書評:上司や取引先にアジャイルを理解してもらうために贈る「アジャイル開発とスクラム」
日本でのアジャイル開発は、おもに開発現場の人たちが自分たちの課題を解決するために、現場で受け入れられ広がってきましたが、一方で最近ではリクルートや楽天、NTTデータなど、組織としてトップダウンでの導入も先進的な取り組みとして始まっています。
しかしまだ「現場としてはアジャイル開発に興味があるが、上司や取引先の理解がなかなか得られない」と思っているエンジニアや、「アジャイル開発に興味はあるが、開発者ではないので技術的なことはよく分からない」という情報部門のマネージャなど、アジャイル開発に興味があっても踏み出せない方は多いのではないでしょうか。
本書「アジャイル開発とスクラム」は、これまで多かったエンジニア向けにアジャイル開発の実践方法を解説したものではありません。エンジニアではない、上司や経営陣、取引先といったステークホルダーにアジャイル開発を理解してもらうために使える本です。
そのため、アジャイル開発とスクラムの一般的な考え方を説明するだけではなく、複数の企業での成功事例や体験談、スクラムという概念を考え出した一橋大学名誉教授 野中郁次郎氏による理論の解説、およびアジャイル開発の第一人者である平鍋健児氏と野中氏の対談などで構成されています。
著者はこの平鍋健児氏と野中郁次郎氏。両者の視線は組織を成功させるための方法論としてアジャイル開発とスクラムを捉えており、終盤では野中氏のスクラムに関するオリジナルの論文に触れつつ、知の創造やイノベーション、そしてリーダーシップのためにスクラムへたどりつく背景を解いています。
スクラムのエッセンスと理論的背景の解説
すでにスクラムやアジャイル開発について知識のある読者にとって、本書の第一章から第四章までの内容には、それほど新しい発見はないかもしれませんが、エッセンスがまとまっており現場の写真もあるため、はじめてアジャイル開発に触れる人には分かりやすく雰囲気がつかみやすいものになっています。
第一章 アジャイル開発とは何か?
第二章 なぜ、アジャイル開発なのか
第三章 スクラムとは何か?
第四章 アジャイル開発の活動(プラクティス)
本書の本領は第五章から発揮されます。リクルート、楽天、富士通におけるアジャイルの事例と採用の背景、担当者へのインタビューが紹介され、それが単に新しもの好きの技術者によるものではなく、ビジネス上の要請に基づき会社のカルチャーに合った形で採用されたこと、そして実際にどのような活動を行っているのかが伝わってきます。
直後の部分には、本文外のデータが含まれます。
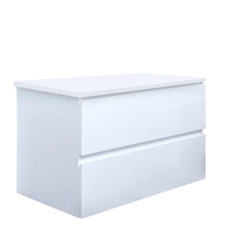 Závesná kúpeľňová skrinka s krycou doskou v bielej farbe s lesklým povrchom o rozmere 79x50x45 cm. S lakovaným povrchom.

第五章 スピード時代に独自のアジャイル手法 ワンチームマインドで挑むリクルート
第六章 小さく初めて浸透させる~楽天のアジャイルによる組織改革
第七章 「IT新市場」におけるアジャイル開発に取り組む富士通の挑戦
第八章から最後までは、スクラムという概念が初めて登場した竹内・野中論文に目を通し、野中氏の知識創造理論についての解説を読むことで、スクラムの背景にある理論に触れることになります。スクラムが流行や一過性のものではなく、経営理論やイノベーション、リーダーシップに結びつくしっかりとした考え方と結びついていることは、経営層や上司、取引先などを説得する大きな材料の1つになるでしょう。
第八章 竹内・野中のスクラム論文考
第九章 スクラムと知識創造
第十章 スクラムと実践知リーダー
特別対談 野中郁次郎×平鍋健児
本書は、企業の経営層に向けて、ソフトウェアの開発手法アジャイルとその手法の1つである「スクラム」を体系的に解説するものである。また、スクラムはソフトウェア開発のみならず、組織や企業活動、企業経営全体にまで適用できることを示し、この手法を取り入れ、ビジネスと一体となってソフトウェアを開発する組織や、その組織に息を吹き込む、新しいタイプのリーダーシップ像について考える。